|Photo credit: http://howafrica.com|
One of our Beta Girls who got raped by her boyfriend shared her experience with us. This is what she wrote:
"Rape does not always leave you physically bruised. That feeling of invasion and loss of self worth that comes with unwanted intercourse takes longer to heal than the physical bruises. Your mind and body are the only things that belong solely to you on this earth... Most other things, you share with others. When someone violates your body or mind; that is the worst kind of pain. That moment you feel like even your body is not yours.
I know this because I have been there. I dated this guy for two years and we even started talking about marriage... but something just wasn't right. I felt like he didn't listen to me, ever! He would ask me about stuff I had told him about several times and because I thought I loved him, I would brush off the warning signs. But he ALWAYS wanted to have sex with me... and while I found this annoying.. most people, him included tried to convince me that it was a testament to my worth or beauty as a woman and showed how much he loved me. But that didn't make me feel beautiful...
I love to read and watch biographies and documentaries and have challenging discussions...none of which we did together. At some point I convinced myself that if I just let him get done with the sex, then we could do other things... still, it was all about how he couldn't control himself around me. I started to feel more like a thing and less like a person.
When we would fight... he would assume that a picture or a kiss meant the problem magically disappeared... and why I stayed so long... I honestly cannot explain. In hindsight I feel like the movies and reality shows and even our environment have predisposed us to think that as long as a man desires you, then the relationship is cool.
I finally got the courage to confront him and break up with him. I do not think he ever understood the issue anyway... but we went our separate ways for a while. Then he came back and swore he had changed and of course I forgave him and we spoke and set boundaries. Then one night he came to visit and of course I was happy to see him. I was on my period so I was like... even if he tries... I am protected... That turned out to be the biggest mistake of my life... he had not changed and I realized that I had given someone else the power to invade my innermost self without permission. No amount of screaming and crying and saying NO! was going to help me. When he was done he said "take a shower, you are bleeding"... I was in total shock.

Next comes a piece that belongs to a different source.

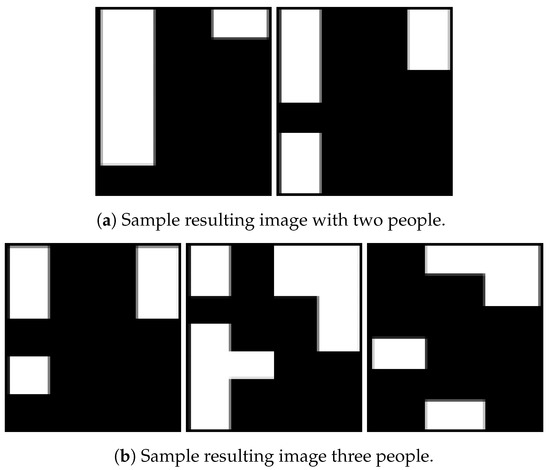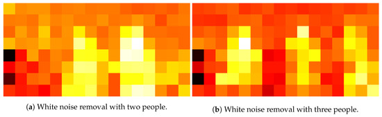 The data collected from two MLX90621 sensors were saved as raw data on the PC. The raw data mean the primary data that were obtained from the source. Our eventual task was to detect the activities of different people in our smart space. However, we cannot predict the activities using directly primary data as there will be external or internal noise present in them. We need to pre-process the data before giving them to any prediction algorithm so that we can remove unwanted noise from the dataset. If we do not perform this task on the primary dataset, then there might be an ambiguity in the results which would decrease the overall model performance. The steps we took to pre-process the raw heat map images include: white noise removal, background subtraction, extracting multiple regions of interest (RoI), separating each RoI, resizing each RoI, and finally converting the image to pixel values. Next, we go over each step in detail, using the two sample images in Figure 7, one with two people (Figure 7a) and the other with three people (Figure 7b).

I blamed him, I blamed his parents, I blamed myself for letting it happen... but then I realized no amount of blaming would help me. I had to act and so I vowed to take the power back! I had been a victim for too long. It was time to fight back.
No one would ever have that power over me again. What makes me beautiful is not how desirable I am to a man but how I feel about myself. To the world I was this amazing, intelligent, hardworking, caring person... but in that relationship I became a set of boobs and a piece of ass. So of course he would think he can use it anytime, whether I wanted to or not.
This is the first time I am actually telling this story and I consider myself lucky for haven escaped such a toxic environment. I am still not over it... but hey.. I know I am strong and I can do this and so can you! Its up to you and I to determine what we accept and what we would not take. It takes forever to wipe that feeling of worthlessness from your mind... a daily struggle, but it is Worth it... so do not stay there... it's OK to leave! You are not responsible for how he behaves... but you are certainly responsible for your response to him.
Today I stand with all women who have suffered any sort of violence or violation and I say we stand strong."